# Building a dresser cage for ball python.



## jfresh (Apr 4, 2012)

So that's what it is.
An old 1960's(possibly older) dresser.
I've basically hollowed it out, put some no voc exterior latex paint inside the interior veneer
I've finished the first floor, but haven't siliconed anything in place, just want to see what it looks like and what you guys think.
I'm using a paint roller holding tub for te water dish. It's deep, but it tapers down and has Ridges so Loki wouldn't get stuck.( will still monitor this before using it)
Will be using some sort of mulch(the safe kind of course) I guess cypress?
Have exactly 1/3 of floor sized flexwatt on the way.
Will be drilling a slit on bottom to feel tape through, and Swiss cheese wood under it for air flow. Will cover and silicone down with plexi, so I can replace it, but she can't get shocked or anything.
I'm considering a second level with 1 or 2 entry holes to help the exploring urge mine seems to get.
Upgrading to a vivarium electronics( ?) thermostat to replace the one I have. Because it has been 6 degree off a few times.
Will be covering everything will fake vines, and will spray down weekly with f10sc and monthly scrubs downs.
I realize fixing the hide box in place will make cleaning difficult, but not impossible and I'm up to the task. She poops in her water anyways.
(Will be using a reptile water heater btw, set at 78 to help with evap.
On the left side directly over water, will have Swiss cheese holes to allow the heat fan to penetrate cage, half heat on first floor, half heat directed to second floor.
Sorry for the huge long read , just catching you guys up.
Thoughts comments, suggestions?










Thanks guys!!


----------



## AraCyanea (May 30, 2011)

I have quoted your picture in the 'Show me your Royal vivs' by StevenM31. I shall copy and paste here too for you.
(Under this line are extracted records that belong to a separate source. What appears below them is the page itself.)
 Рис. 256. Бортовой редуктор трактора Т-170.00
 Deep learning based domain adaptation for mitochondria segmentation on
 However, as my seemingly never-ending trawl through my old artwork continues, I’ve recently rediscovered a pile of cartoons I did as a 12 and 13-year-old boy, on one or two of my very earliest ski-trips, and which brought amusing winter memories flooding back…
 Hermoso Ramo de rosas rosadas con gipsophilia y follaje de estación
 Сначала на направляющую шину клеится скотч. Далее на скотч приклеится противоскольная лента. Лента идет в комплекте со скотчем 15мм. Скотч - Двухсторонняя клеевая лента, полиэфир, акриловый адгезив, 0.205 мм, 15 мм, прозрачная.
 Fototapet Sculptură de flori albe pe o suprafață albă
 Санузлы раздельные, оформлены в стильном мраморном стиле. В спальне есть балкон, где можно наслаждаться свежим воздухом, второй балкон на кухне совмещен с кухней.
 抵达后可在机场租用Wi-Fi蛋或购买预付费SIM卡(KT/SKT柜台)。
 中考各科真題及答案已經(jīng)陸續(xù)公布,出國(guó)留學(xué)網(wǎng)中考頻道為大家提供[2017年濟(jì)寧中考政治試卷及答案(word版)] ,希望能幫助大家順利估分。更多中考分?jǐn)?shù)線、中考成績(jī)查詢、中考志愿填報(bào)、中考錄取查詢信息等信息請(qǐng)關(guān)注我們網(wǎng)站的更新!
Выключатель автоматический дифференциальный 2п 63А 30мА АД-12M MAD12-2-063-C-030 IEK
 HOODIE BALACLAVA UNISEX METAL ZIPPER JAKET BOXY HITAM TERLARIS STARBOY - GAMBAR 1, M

"If that's for a Royal, I won't be surprised if he doesn't use 1/4 of it.

If it were myself, I would section it out into 3 or 4 sections and get a few more in each section. It will be used much more in that case.
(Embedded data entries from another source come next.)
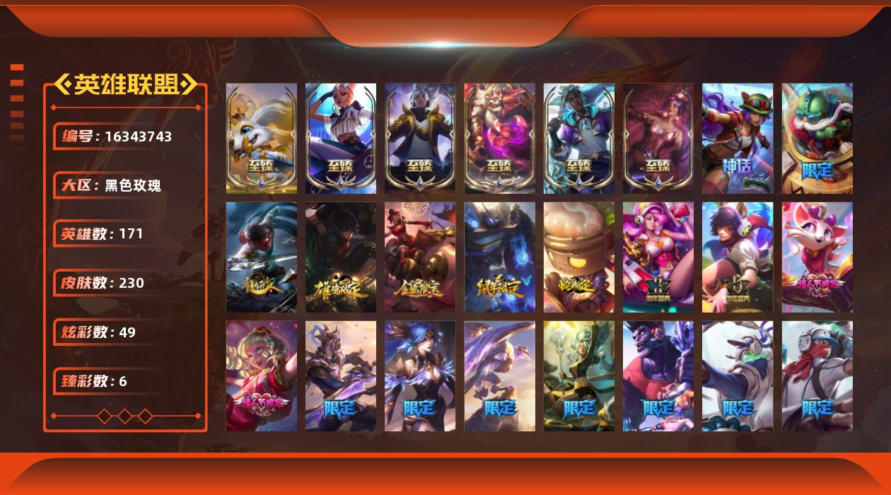 未定级段位-171英雄-230皮肤-49炫彩-0终极-8神话-27限定-26传说-50史诗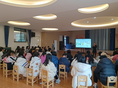 接着,张园长围绕其幼儿园的培养目标:爱运动、喜阅读、重品行,通过一个个生动鲜活的案例,和大家分享了作为一名学前教育专业的学生,如何走进幼儿园,又如何走近幼儿。同学们对幼儿园教师的工作价值都有了深刻的认同感。
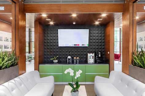 В офисе продаж предусмотрена VR-комната, где с помощью 3D-очков можно просматривать существующие квартиры в реальном размере.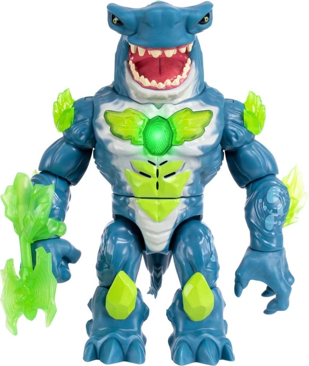 El mundo está en peligro y sólo tú tienes la oportunidad de salvarlo. Ve al laboratorio secreto, enciende el reactor, añade los ingredientes ultra raros y crea el poderoso monstruo tiburón. La fascinante figura de acción se lanza a la batalla contra todos los supervillanos con efectos de luz y sonido y fantásticas funciones de ataque.
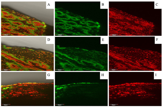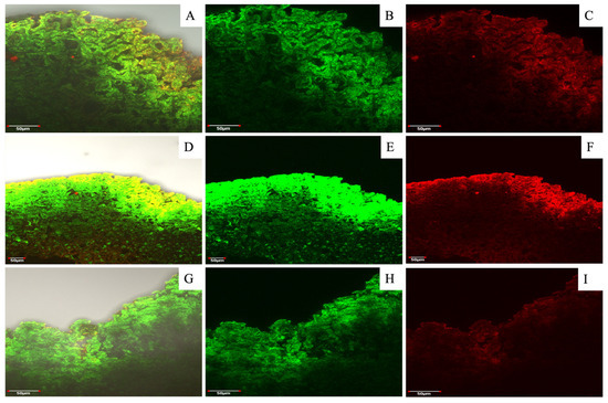 Hazelnut shell profiles after dyeing and fluorescence visualization assay using laser confocal microscopy. Figures (A,D,G) correspond to a MERGE (overlap of both dying solutions) of nutshell profiles in relation to three seasons (2020/21, 2021/22 and 2022/23, respectively); meanwhile, figures (B,C,E,F,H,I) correspond to the same picture with separate dyeing. All figures are zoomed in to 50 µm. The staining solutions used were “red congo” (red) for cellulose and “safranin” (green) for lignin. Analyses were carried out at the Microscopy and Flow Cytometry Unit, BIOREN-UFRO, Universidad de La Frontera.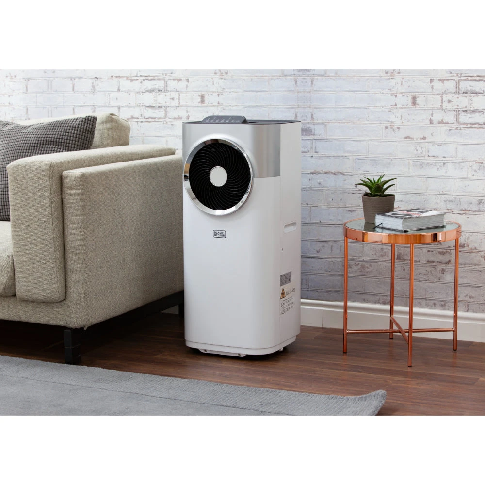 This versatile air conditioner can be used as a cooler, dehumidifier and fan for all year round use. Choose between a high, medium or low speed airflow setting to maximise comfort and adjust the vertical louvre to redirect cool air throughout the room. The soft touch LED controls are easy to use when adjusting between settings and temperatures of 18-32 degrees, with remote control operation that allows you to set the 24 hour timer for flexible and efficient operation. The carbon filter helps to eliminate unpleasant odours and bacteria from developing to ensure fresh and clean airflow is distributed. The window ventilation system ensures collected water naturally evaporates through the window venting hose provided. With a 12,000 BTU output and a R290 refrigerant, this air conditioner uses Class A energy efficiency for optimum performance with a low environmental impact and running cost. The 360 degree castor wheels allow portable manoeuvring around the home.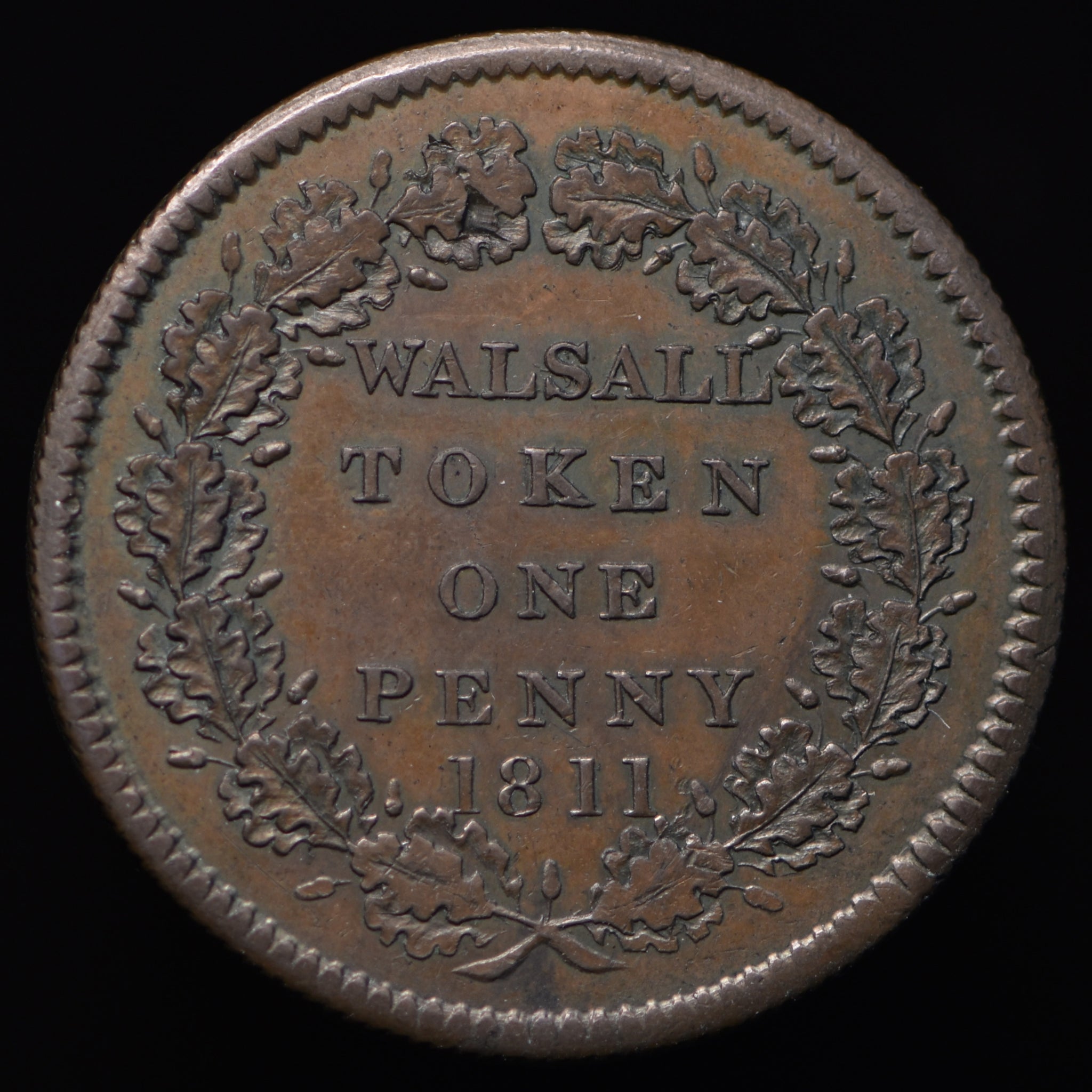 Obv: View of St. Matthew's Church, WTF on ground to right of path, PAYABLE BY FLETCHER & SHARRATT around. Rev: WALSALL TOKEN ONE PENNY 1811 in five lines within oak wreath. Edge: Neatly grained.

Obviously you don't have to take any of my advice but it's just an idea, think about it first if I were you.:whistling2:"


----------



## jfresh (Apr 4, 2012)

I considered that.
But honestly this is mostly show for my benefit. I plan on keeping it all ideal temps if she does, and she's pretty curious so she will probably at least check it out lol.
It could end up as a cage for something else when she gets bigger, but for now in a one snake guy. It would be neat for the top half to house mice, but it's wood and that might make her more edgey as well.


----------



## jfresh (Apr 4, 2012)

I do appreciate the feedback, however!
Didn't want to sound rude or anything


----------



## AraCyanea (May 30, 2011)

If it's what you want then fair enough, your snake, your choice. :no1:


----------



## jfresh (Apr 4, 2012)

Thanks or the help/advice


----------



## jfresh (Apr 4, 2012)

Moving stuff around.
Building some sort of snake ladder to the upper level and will have a snake hammock.
I realize Loki won't touch most of this.
But it's going in my living room and I want it to look nice.
There is no traffic other than me and my girlfriend in our apartment, so she shouldn't be scared.


----------



## jfresh (Apr 4, 2012)




----------



## jfresh (Apr 4, 2012)

The door is on, and shiny!


----------